# Task brief
Go through the data and copy every line exactly, but not the images.

Data block below:

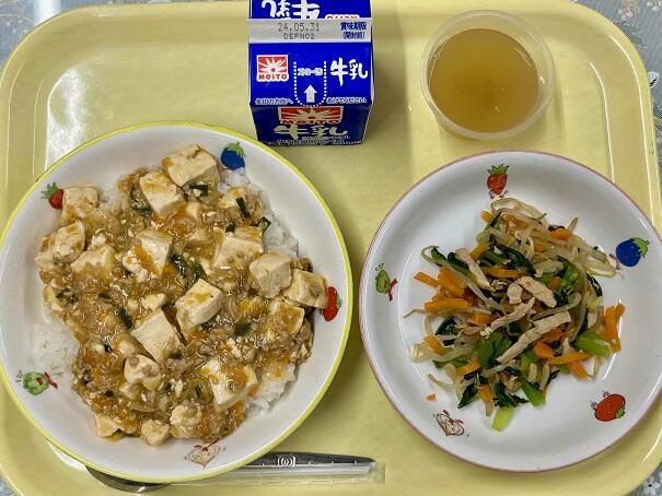 麻婆豆腐丼、ナムル、りんごゼリー、牛乳
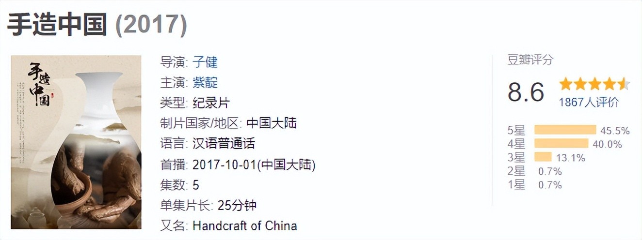 这是一部通过手造瓷器去展现中国人精神世界的纪录片。该片根据成瓷的每一道工序的特性,从每一个手工瓷匠人身上,提炼出了中国人身上流淌着的文化基因,它们是对自然的敬畏,是对手艺的专注、执着和热爱,是对成败得失的淡然,是对薪火相传的笃定,这是几千年来在农业文明的怀抱里所产生的属于中国人特有的精神情怀。
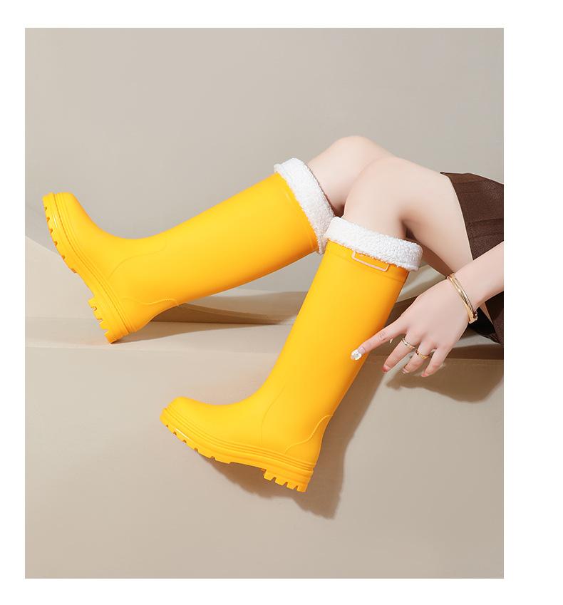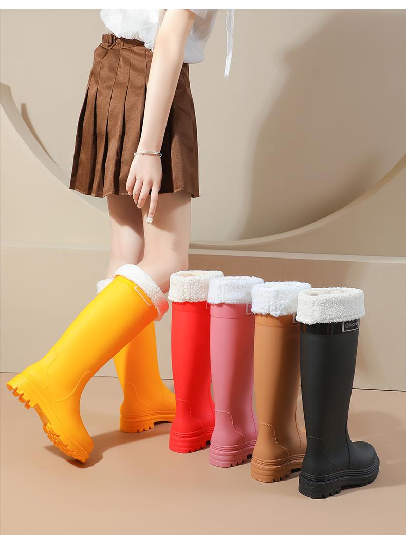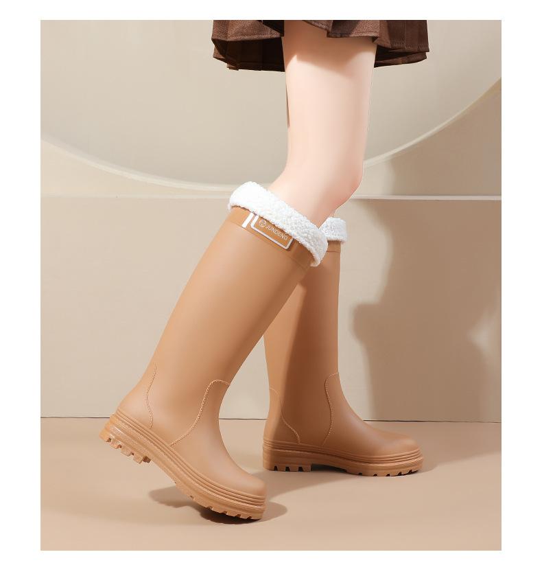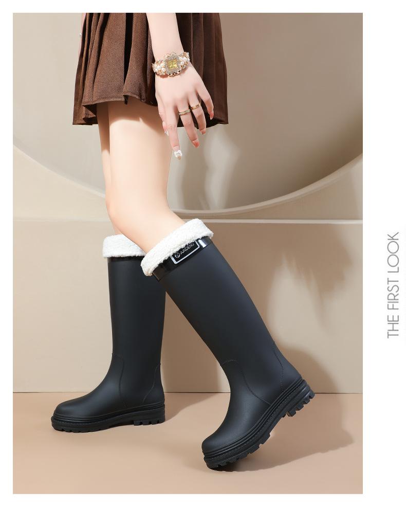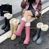 Botas de lluvia altas para mujer, botas de lluvia con forro polar, ropa exterior de moda, nuevo estilo, zapatos para agua, suela gruesa, antideslizantes, impermeables, para buscar conchas en la playa, botas de goma de tubo largo

End of Data block.

# Response area
 麻婆豆腐丼、ナムル、りんごゼリー、牛乳
 这是一部通过手造瓷器去展现中国人精神世界的纪录片。该片根据成瓷的每一道工序的特性,从每一个手工瓷匠人身上,提炼出了中国人身上流淌着的文化基因,它们是对自然的敬畏,是对手艺的专注、执着和热爱,是对成败得失的淡然,是对薪火相传的笃定,这是几千年来在农业文明的怀抱里所产生的属于中国人特有的精神情怀。
 Botas de lluvia altas para mujer, botas de lluvia con forro polar, ropa exterior de moda, nuevo estilo, zapatos para agua, suela gruesa, antideslizantes, impermeables, para buscar conchas en la playa, botas de goma de tubo largo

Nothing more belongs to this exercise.